WHEN the tight squeeze is on, and you keep your principal cast to seven, who are you going to cull? Hard lines, Baron Hardup, always a poor role anyway.

It makes not a jot of difference because the rest more than make up for his exit, apparently of the permanent variety as we learn of his death at the start.

From dead man to Stedman, Tim Stedman, the strawberry-cheeked, helium-voiced, lantern-jawed buffoon, who is celebrating his 15th year in the Harrogate company. Director Phil Lowe and co-writer David Bown build the show around him, as ever, and Stedman's Buttons duly fires off his fusillade of funny weapons, from the world's worst cracker jokes to rearranging the order of words in sentences while still clinging to the wreckage of sense; from creating new names such as Boroughoroughoroughbridge to homing in on the occupant of a front row-seat to be his assistant/victim for the show's duration.
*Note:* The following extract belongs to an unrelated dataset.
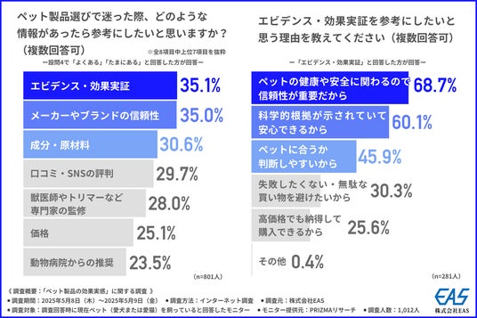 ペット製品選びで迷った際に参考にしたい情報としては、「エビデンス・効果実証」の他、「メーカーやブランドの信頼性」「成分・原材料」が多く挙がりました。

He is, in every sense, in the thick of it, and in the absence of his usual second-half setpiece – where he reprises everything that has gone before in the plot at breakneck pace with silent- movie physicality – he makes up for it with a series of the cheesiest gags ever on the the theme of cheese. Grate stuff!

He has an added string to his bow this year: the bathos of being hopelessly, forlornly, in love with Lucy-Jane Quinlan's Cinderella, his bestest best friend, who is rather keener on making out with Colin Kiyani's fine-singing Prince Charming. Katy Dean has plenty of fun as a Welsh Fairy Godmother, who must pass a test to regain her fairy wings, and also as Dandini in the disguise of the Prince.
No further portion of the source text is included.